With age, the activity of the hippocampus and the renewal of its neurons are slowed down, precisely because a decrease in the hippocampus is one of the most prominent symptoms of Alzheimer's disease.

Scientists point to previously conducted studies in which it was proved that different domains (areas) of the hippocampus are responsible for different emotions and memories: dorsal - spatial and temporal memory and contextual information; ventral - reaction to stress, anxiety and emotional state in general.

Therefore, if you somehow gain control over these specific domains, you can change the mechanism of their work. Previously, experiments were carried out with optical manipulation of cells in the dorsal region of the hippocampus, which made it possible to control the behavioral expression of positive and negative memories. However, it remains to be seen whether the manipulation of the ventral domains of the hippocampus will have a similar effect.

In addition, the researchers note the importance of finding a mechanism for the relationship of memories stored by the hippocampus and human behavior. For it is from how and why exactly this or that information is processed (called from the archives of memory, so to speak), and the manifestation of stress, anxiety, post-traumatic disorder and even depression.

Research results


To begin with, it was necessary to determine which parts of the hippocampus react to what and to what extent.


Image number 1

To do this, scientists used an inducible * viral mixture of AAV9-c-Fos-tTA and AAV9-TRE-eYFP, which was introduced into the dorsal or ventral dentate fascia of the mouse hippocampus (male). This mixture labeled the dentate fascia neurons that expressed the c-Fos gene as a function of doxycycline (Dox). At this point, the experimental mice were observed in front of a neutral environment, that is, they were in a quiescent state and no external stress or rewards were applied ( 1A and 1B ).
Inducible * is an enzyme that is not produced by the cell until its synthesis is induced (activated) by its own substrate or other closely related compound.
The dentate fascia * (dentate gyrus) is a jagged gyrus, located in the depth of the hippocampal groove and turning into a tape gyrus.
In mice without Dox, the expression of eYFP (i.e. eYFP +) increased in the dorsal and ventral dentate fascia during the study of environmental information, in contrast to the control group of subjects with Dox ( 1G , 1H , 1J and 1K ).

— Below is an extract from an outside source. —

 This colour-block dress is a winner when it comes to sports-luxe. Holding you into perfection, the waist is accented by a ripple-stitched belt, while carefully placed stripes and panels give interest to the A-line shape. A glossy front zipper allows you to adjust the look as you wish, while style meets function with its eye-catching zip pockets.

On the second day, mice showed a significant increase in the number of eYFP + and c-Fos + cells in the dorsal part, and not in the ventral part ( 1C - 1F , 1I and 1L ). This confirms the importance of the dorsal domain of the hippocampus in the process of environmental recognition.

Next, the scientists decided to check the activity of the cells of the dentate gyrus during the formation of fear and during the reproduction of memories associated with it, the next day.

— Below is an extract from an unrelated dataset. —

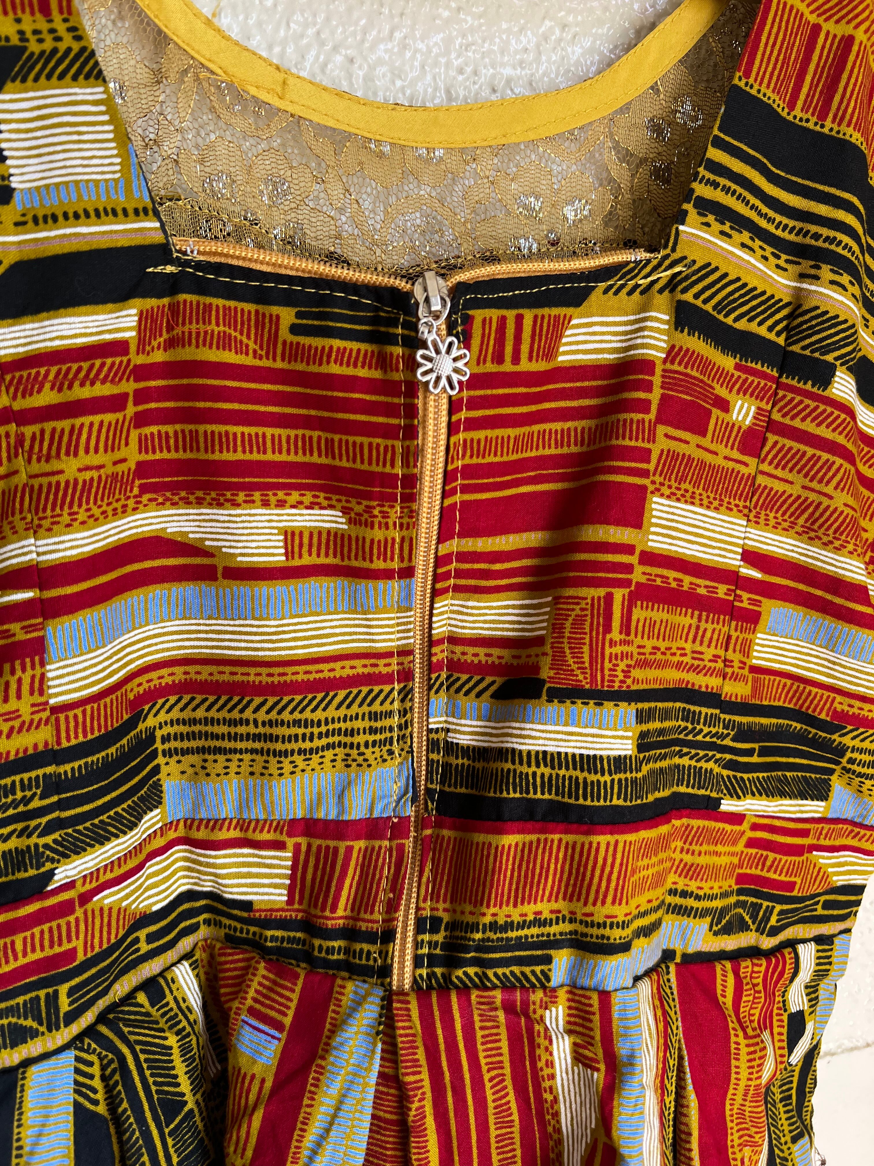 Vintage african batik cotton × lace tops ( ヴィンテージ アフリカンバティック コットン × レース トップス )

The test mice, as in the previous test, received an injection of the viral mixture, then they stopped giving them Dox. 48 hours after that, the mice were placed in chambers, where 4 weak discharges of electric current (through the chamber floor) were applied to them with a time interval of 180 seconds. After that, the mice were returned to the cells with a neutral atmosphere and again began to give doxycycline (Dox).

The next day, these mice were again placed in shock chambers (in this case, the discharges were no longer used) to reproduce their fear ( 2A and 2B ).


Image number 2

Brain data was collected after 90 minutes of mice in the chamber, after which scientists were able to estimate the number of eYFP and c-Fos cells in the dorsal and ventral dentate gyrus.

As expected, in both parts of the hippocampus (dorsal and ventral), cell reactivation increased significantly ( 2C - 2E ). This is explained by the fact that both these sites play a role in the formation of memories associated with certain emotions.

The intermediate result is as follows: the cells of the dentate gyri in the dorsal region are reactivated after the mice are in a neutral and stressful environment; but the cells from the ventral region are reactivated exclusively after the stress.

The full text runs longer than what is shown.